Quoted in the CIPD’s spring edition of Work magazine, Ibarra says that we should take what we learn from other’s leadership styles and make these our own. She also says that our leadership identity should change each time we find ourselves in different circumstances and faced with different challenges.
Hmmmm.
Let’s take Goleman’s 6 leadership styles for a moment: Visionary, Commanding, Democratic, Pace setting, Affiliative and Coaching. I agree that good leaders can bring to bear the skills required by these styles into any given circumstance requiring that style to get the best result. But something worries me about what Ibarra seems to be suggesting.
I am not convinced by the idea that a leader deciding this week to be a Pace Setter and next week exploring being Democratic is going to attract too many followers – especially if the leader is not acting in these ways because the task in hand requires such a shift but because they are experimenting with their own learning and development. I am not sure as a team member, I would actually want to be the subject of my boss’s leadership experiments. By my definition, to be authentic, I’d much prefer my leader to carry on being their true self and explain to me the need to operate using different leadership skills to fit the task in hand.
Anything that encourages the suppression of one’s true nature seems to me like a retrograde step in anyone’s development and is just one step away from repression – and a repressed leader is a dangerous beast.

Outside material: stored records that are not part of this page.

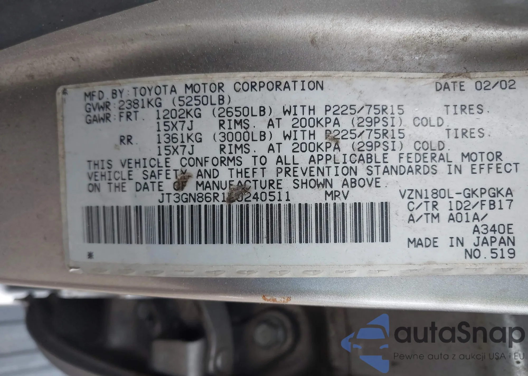LOT: 42194797 VIN: JT3GN86R120240511
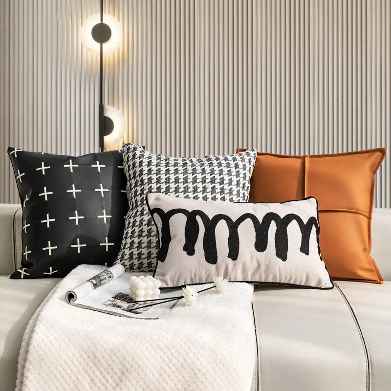 Elevate your living space with the Modern Minimalist Model Living Room Lumbar Pillow. Crafted from premium polyester, this pillow exudes a fashion-forward simplicity that complements any décor.
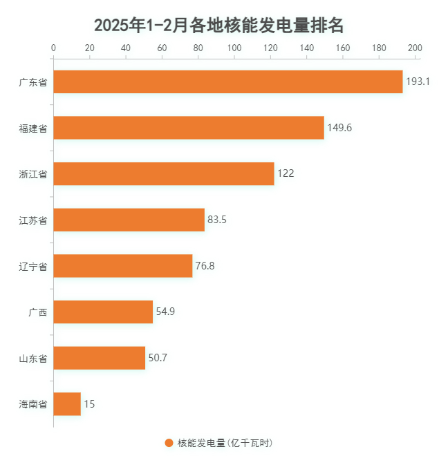 2025年1-2月各地規(guī)上核能發(fā)電量,排名前五的分別是:廣東省193.1億千瓦時、福建省149.6億千瓦時、浙江省122億千瓦時、江蘇省83.5億千瓦時、遼寧省76.8億千瓦時。
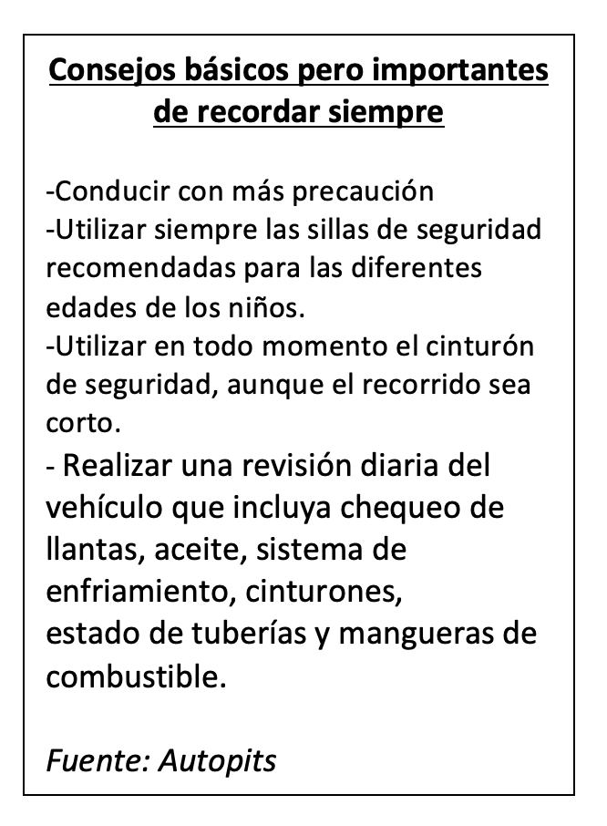 Hernández aconseja además ser muy cuidadosos con los vehículos para garantizar la seguridad de toda la familia en todo momento a través de revisiones diarias del vehículo de las llantas, del aceite, del sistema de enfriamiento, los cinturones y el estado de las tuberías y mangueras de combustible.
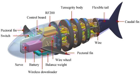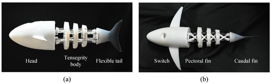 By integrating the proposed tensegrity robotic fish body, a novel robotic fish is designed, as illustrated in Figure 5. To reduce the drag during the swimming motion, a body profile with a well-streamlined shape is adopted. The tensegrity robotic fish mainly comprises three parts: a rigid head, a tensegrity body, and a compliant tail with a caudal fin. The head cabin with a pair of pectoral fins is 3D-printed and utilized to contain electronic modules and servo motors. A control board with a communication module is used to receive the commands and generate control signals. Two servo motors are used to actuate the wires on each side of the tensegrity body. Wire wheels with a diameter of 30 mm are employed to amplify wire drive length. Due to space constraints, the pectoral fins remain fixed in position. To improve the propulsion capability, a composite tail including a caudal fin is designed.
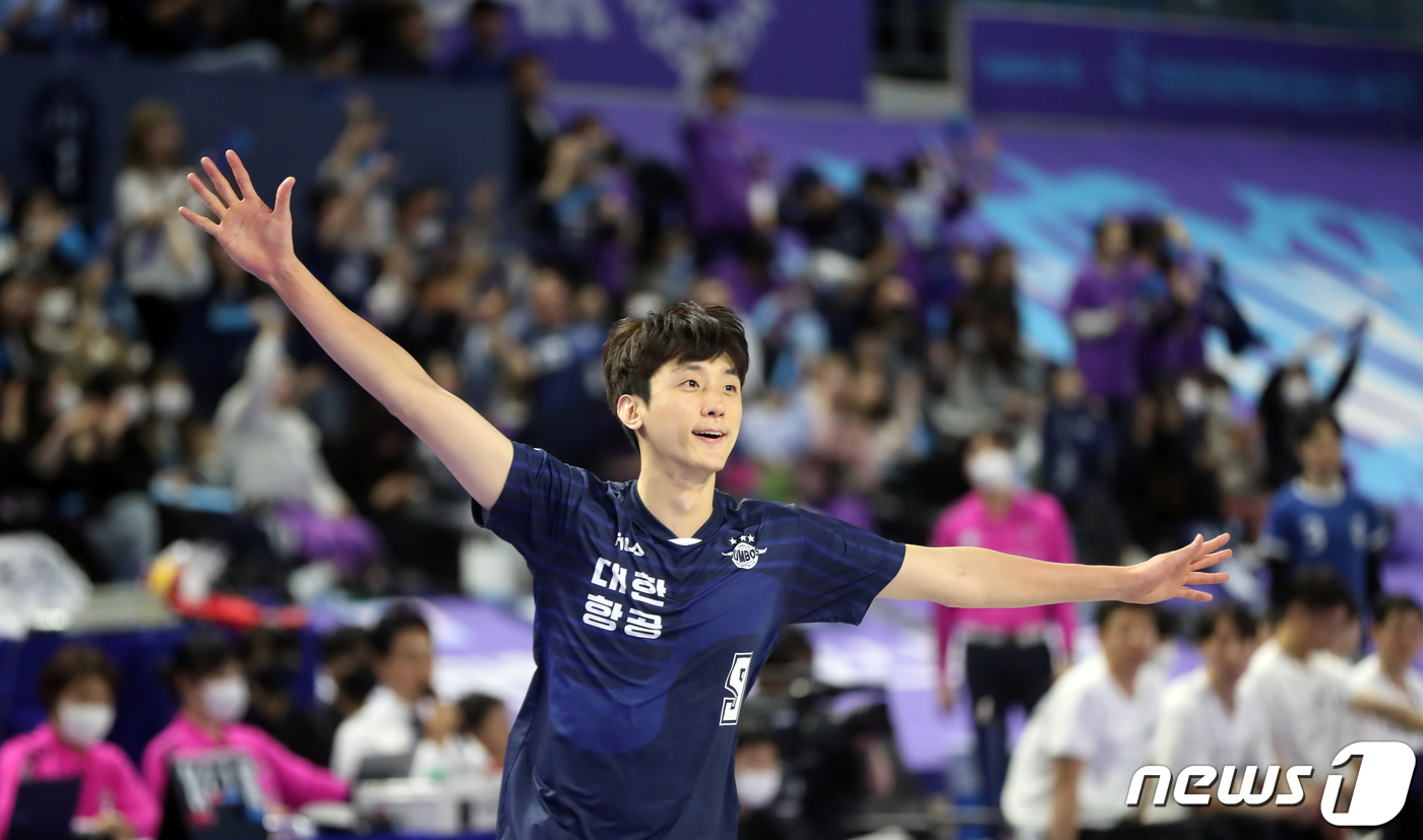 (인천=뉴스1) 황기선 기자 = 30일 오후 인천 계양체육관에서 열린 프로배구 도드람 2022-2023 V리그 챔피언결정전 1차전 남자부 대한항공과 현대캐피탈의 경기에서 득점에 성공한 대한항공 곽승석이 기뻐하고 있다. 2023.3.30/뉴스1
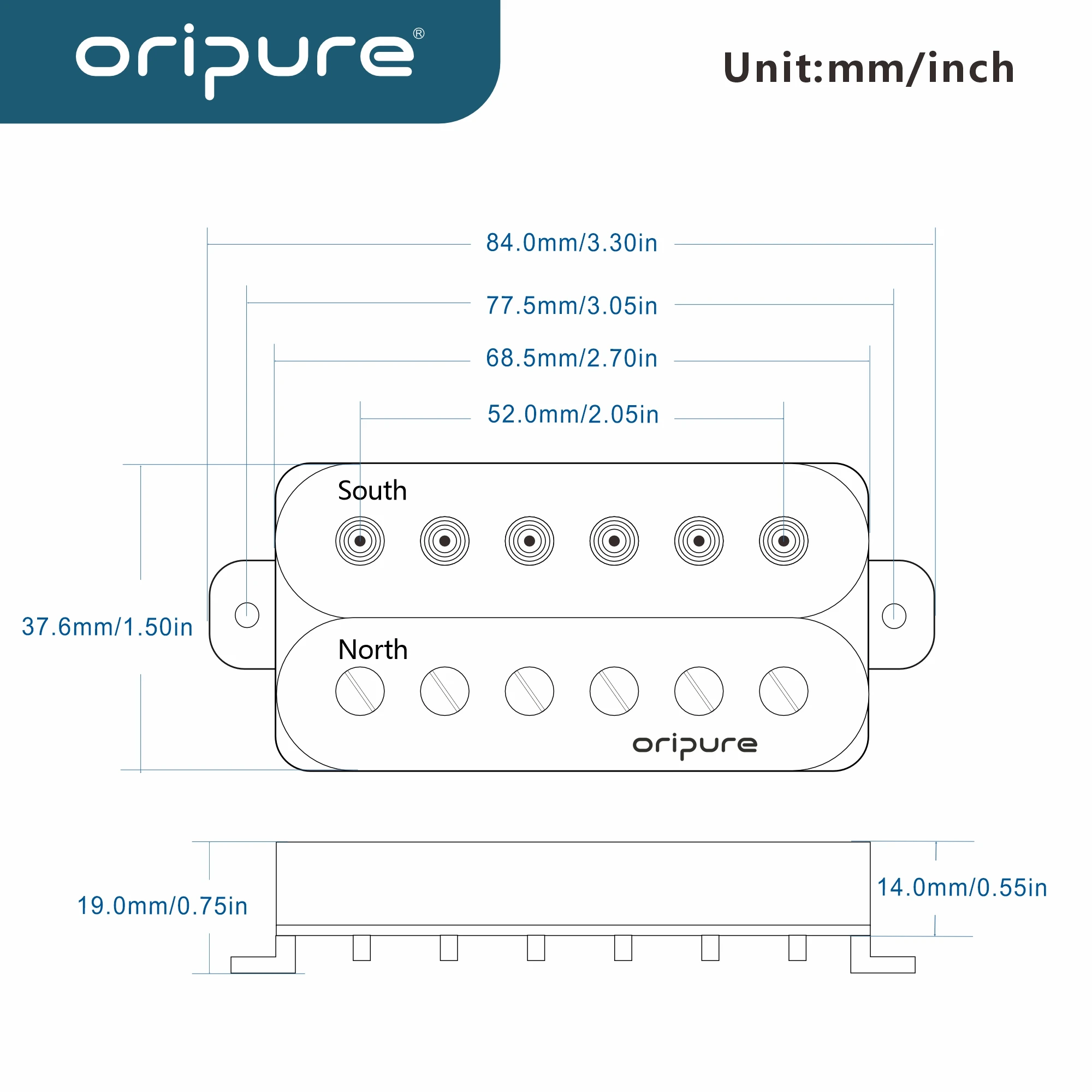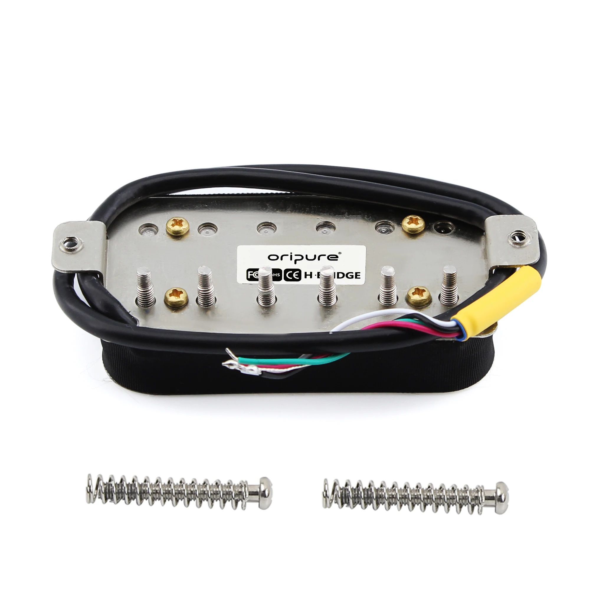 Enhance your electric guitar with the OriPure PHZ5 High Output Alnico 5 Humbucker Bridge Pickup in striking Zebra color. Featuring a 16K ohm resistance and a peak frequency of 8.6H, this double coil pickup delivers solid, powerful, and grainy tones ideal for upgrading or replacing your existing bridge pickup. Mounted on a durable copper-nickel alloy baseplate with a pole spacing of 52mm, it includes 6 non-adjustable slug and 6 adjustable screw pole pieces, with a 4-wire output for versatile wiring options. Its bold zebra pattern creates a modern, professional aesthetic that complements any guitar, offering a distinctive look and impactful sound.

Another take on the subject of authenticity, this time organisational authenticity, comes also this month from Matthew Jeffery. Jeffery is VP and global head of employment brand and sourcing at SAP, the enterprise application software firm. He has supported SAP in its endeavour to bring about something I’ve been advocating to HR and L and D professionals for twenty years: reshaping the brand to be an authentic representation of its employees. This is in contrast to how most organisations seem to want to create their brands – through, as Jeffery puts it, ‘marketing led spin’. An organisation’s brand, ultimately, will always mirror the behaviours, beliefs, values and attitudes of its employees. Trying to make it work the other way around is like planting a beautiful rose on stony ground and expecting the plant to turn the ground beneath it into rich, mineral-laden soil. And yet that is what so many organisations do: pick and choose the values which seem most acceptable, pay lots of money to have them etched into the glass of the doors and windows of the building and then, at best, fail to notice and, at worst, overlook the incongruence between the stated values and the actions of employees.
Hats off to SAP, I say, who have seen their Glassdoor rating improve from 3.7 in 2015 to 4.2 in 2016. May many organisations authentically follow suit.